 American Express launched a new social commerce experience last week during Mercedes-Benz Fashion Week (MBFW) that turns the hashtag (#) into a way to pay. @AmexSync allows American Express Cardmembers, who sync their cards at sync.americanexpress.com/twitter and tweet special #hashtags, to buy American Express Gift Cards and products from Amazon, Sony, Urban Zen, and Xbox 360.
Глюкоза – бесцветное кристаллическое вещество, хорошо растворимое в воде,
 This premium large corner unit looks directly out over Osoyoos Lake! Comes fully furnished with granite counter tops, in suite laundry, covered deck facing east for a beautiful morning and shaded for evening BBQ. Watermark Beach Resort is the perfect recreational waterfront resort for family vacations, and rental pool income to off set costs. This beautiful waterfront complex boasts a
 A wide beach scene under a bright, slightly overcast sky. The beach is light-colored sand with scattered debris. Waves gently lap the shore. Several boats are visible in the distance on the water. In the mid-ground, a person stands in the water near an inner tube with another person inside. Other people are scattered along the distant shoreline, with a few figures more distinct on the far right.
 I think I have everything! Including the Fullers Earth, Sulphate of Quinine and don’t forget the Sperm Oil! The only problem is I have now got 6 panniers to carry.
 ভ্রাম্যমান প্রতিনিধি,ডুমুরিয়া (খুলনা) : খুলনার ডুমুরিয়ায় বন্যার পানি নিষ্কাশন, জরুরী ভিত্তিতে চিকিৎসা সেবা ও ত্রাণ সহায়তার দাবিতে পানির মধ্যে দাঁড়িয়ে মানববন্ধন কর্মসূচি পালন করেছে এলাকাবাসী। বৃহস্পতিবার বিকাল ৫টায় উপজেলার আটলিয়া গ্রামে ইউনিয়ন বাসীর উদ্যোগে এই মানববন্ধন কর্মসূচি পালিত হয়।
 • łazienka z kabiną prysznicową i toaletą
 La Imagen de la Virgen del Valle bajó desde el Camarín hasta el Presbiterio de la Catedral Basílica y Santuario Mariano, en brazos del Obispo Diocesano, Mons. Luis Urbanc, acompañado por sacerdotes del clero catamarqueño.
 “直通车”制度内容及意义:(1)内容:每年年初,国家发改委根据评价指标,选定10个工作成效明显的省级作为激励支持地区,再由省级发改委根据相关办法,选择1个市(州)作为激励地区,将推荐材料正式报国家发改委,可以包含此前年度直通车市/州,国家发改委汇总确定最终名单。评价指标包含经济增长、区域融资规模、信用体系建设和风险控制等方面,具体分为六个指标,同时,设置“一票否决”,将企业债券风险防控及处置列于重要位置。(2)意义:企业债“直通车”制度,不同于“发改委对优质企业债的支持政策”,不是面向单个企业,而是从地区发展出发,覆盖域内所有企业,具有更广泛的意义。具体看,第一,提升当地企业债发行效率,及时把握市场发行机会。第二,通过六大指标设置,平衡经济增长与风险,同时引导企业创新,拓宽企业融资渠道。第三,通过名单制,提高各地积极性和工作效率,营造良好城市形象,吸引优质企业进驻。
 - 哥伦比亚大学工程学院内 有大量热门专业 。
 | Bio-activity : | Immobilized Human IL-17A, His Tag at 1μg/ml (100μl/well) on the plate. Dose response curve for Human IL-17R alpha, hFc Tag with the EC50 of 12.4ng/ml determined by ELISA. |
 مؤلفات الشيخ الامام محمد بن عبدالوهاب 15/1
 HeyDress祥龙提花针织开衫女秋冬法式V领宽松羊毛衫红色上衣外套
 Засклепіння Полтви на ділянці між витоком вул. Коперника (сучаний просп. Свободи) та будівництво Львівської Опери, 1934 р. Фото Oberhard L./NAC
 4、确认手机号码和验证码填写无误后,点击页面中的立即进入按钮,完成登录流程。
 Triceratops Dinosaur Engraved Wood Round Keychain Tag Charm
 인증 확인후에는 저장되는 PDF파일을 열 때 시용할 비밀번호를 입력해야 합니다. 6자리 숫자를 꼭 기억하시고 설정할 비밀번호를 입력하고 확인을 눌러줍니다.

• • • • • • •

Exercise instructions :: Beginning at the first line of the records, give again each line exactly as written, ending with the line that contains "Глюкоза – бесцветное".

Exercise result ::
 American Express launched a new social commerce experience last week during Mercedes-Benz Fashion Week (MBFW) that turns the hashtag (#) into a way to pay. @AmexSync allows American Express Cardmembers, who sync their cards at sync.americanexpress.com/twitter and tweet special #hashtags, to buy American Express Gift Cards and products from Amazon, Sony, Urban Zen, and Xbox 360.
Глюкоза – бесцветное кристаллическое вещество, хорошо растворимое в воде,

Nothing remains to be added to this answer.